• Required action: No pictures belong in the copy. Retype exactly, and only, the stretch of lines below from the one with "친구 또는 채팅 탭의 상단 검색" through the one with "с держателем |".

• Provided records:
*****

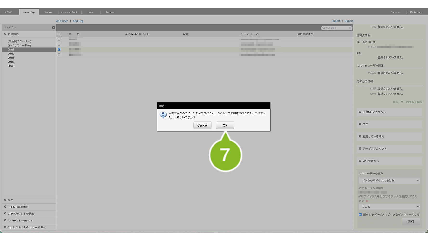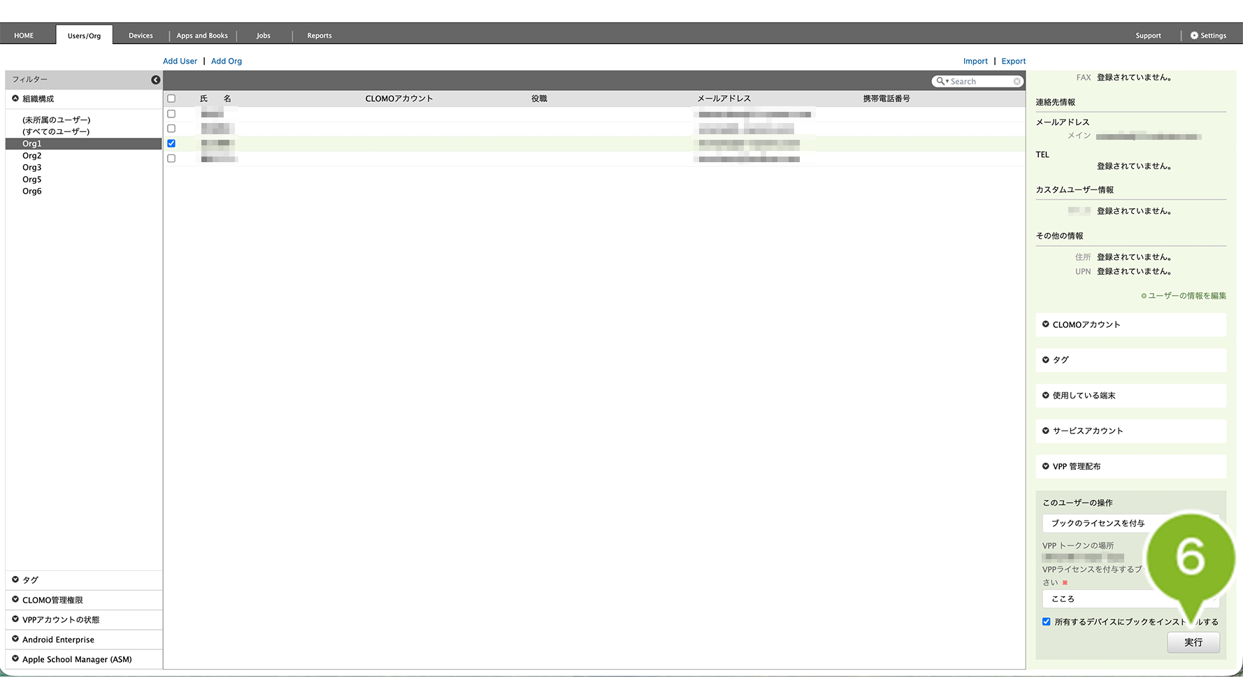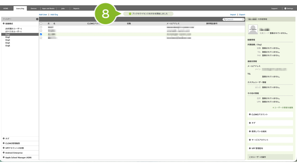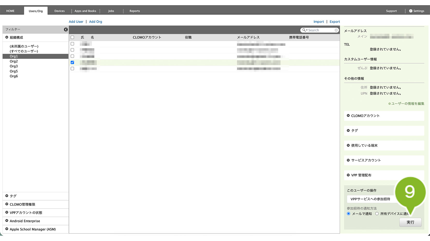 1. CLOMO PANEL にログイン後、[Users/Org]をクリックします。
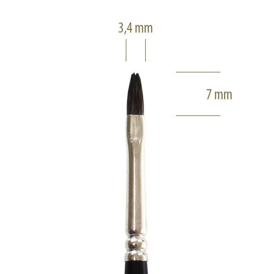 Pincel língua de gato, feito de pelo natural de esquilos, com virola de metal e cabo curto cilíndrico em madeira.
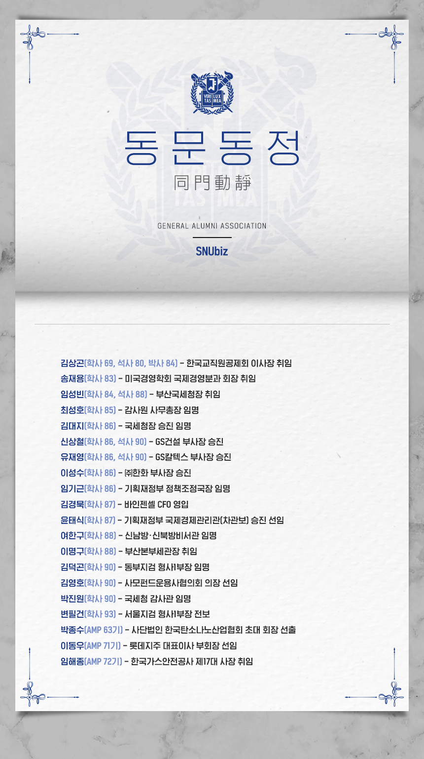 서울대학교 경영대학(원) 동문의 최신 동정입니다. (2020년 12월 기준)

*****

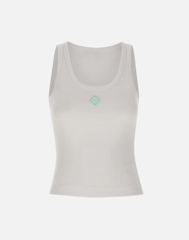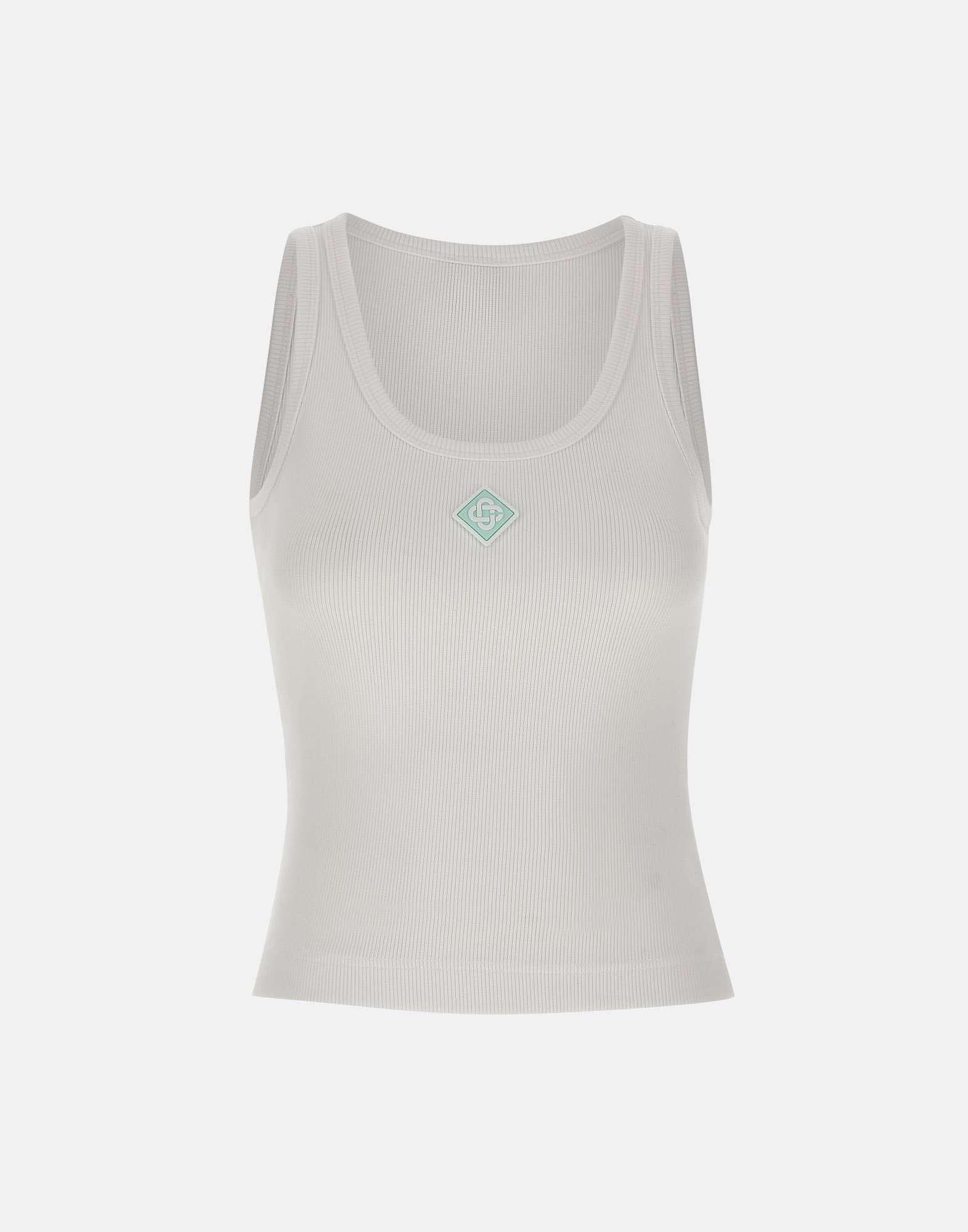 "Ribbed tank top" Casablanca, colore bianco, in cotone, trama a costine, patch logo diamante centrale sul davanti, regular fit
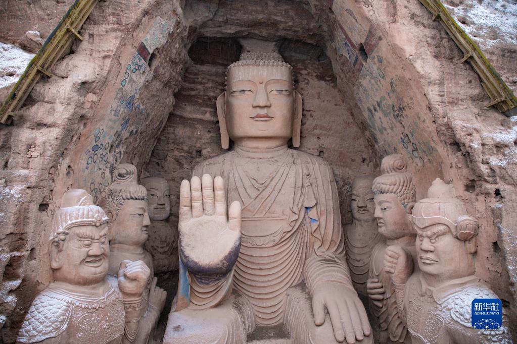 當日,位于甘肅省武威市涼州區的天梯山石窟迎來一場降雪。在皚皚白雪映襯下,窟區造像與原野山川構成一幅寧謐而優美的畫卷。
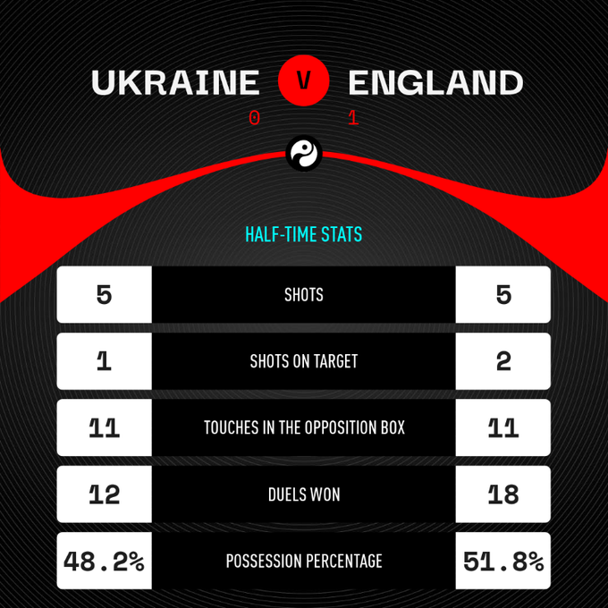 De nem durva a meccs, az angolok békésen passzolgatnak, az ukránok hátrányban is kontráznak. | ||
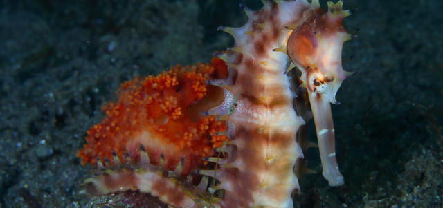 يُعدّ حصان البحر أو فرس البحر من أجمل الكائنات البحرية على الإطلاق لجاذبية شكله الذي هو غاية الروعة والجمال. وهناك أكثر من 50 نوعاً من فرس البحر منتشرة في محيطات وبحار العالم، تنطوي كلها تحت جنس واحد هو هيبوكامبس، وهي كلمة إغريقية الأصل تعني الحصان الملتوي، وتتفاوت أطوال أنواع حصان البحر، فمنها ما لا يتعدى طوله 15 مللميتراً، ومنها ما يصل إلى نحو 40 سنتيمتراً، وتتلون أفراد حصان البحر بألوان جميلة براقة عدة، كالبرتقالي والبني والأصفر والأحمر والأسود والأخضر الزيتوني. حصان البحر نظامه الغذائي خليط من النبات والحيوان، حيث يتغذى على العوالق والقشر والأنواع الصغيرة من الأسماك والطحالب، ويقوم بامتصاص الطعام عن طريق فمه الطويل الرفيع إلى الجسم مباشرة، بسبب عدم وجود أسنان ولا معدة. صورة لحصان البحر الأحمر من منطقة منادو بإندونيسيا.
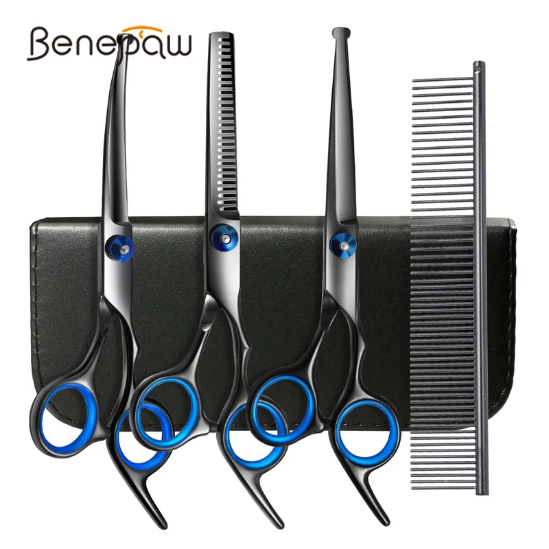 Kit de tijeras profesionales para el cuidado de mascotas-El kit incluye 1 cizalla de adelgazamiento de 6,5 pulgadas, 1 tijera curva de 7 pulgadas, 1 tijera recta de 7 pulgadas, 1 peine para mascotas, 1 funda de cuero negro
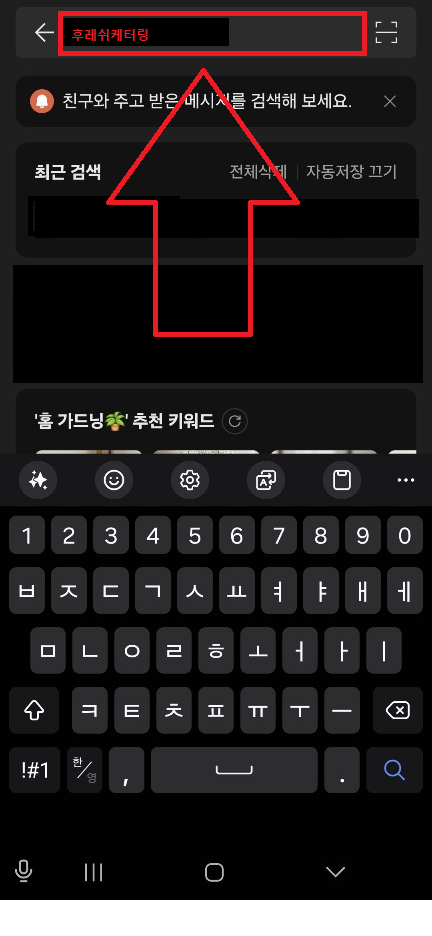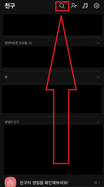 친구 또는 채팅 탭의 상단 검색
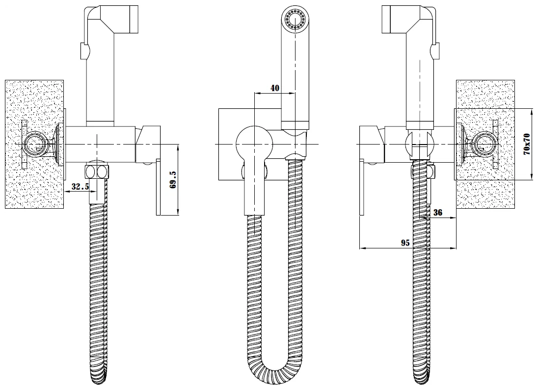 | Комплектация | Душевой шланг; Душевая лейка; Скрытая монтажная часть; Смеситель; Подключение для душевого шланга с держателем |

*****

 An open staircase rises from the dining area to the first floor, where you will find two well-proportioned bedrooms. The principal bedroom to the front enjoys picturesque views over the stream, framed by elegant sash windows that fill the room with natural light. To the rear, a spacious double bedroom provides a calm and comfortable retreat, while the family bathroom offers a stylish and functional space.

*****

• Response to the task:
 친구 또는 채팅 탭의 상단 검색
 | Комплектация | Душевой шланг; Душевая лейка; Скрытая монтажная часть; Смеситель; Подключение для душевого шланга с держателем |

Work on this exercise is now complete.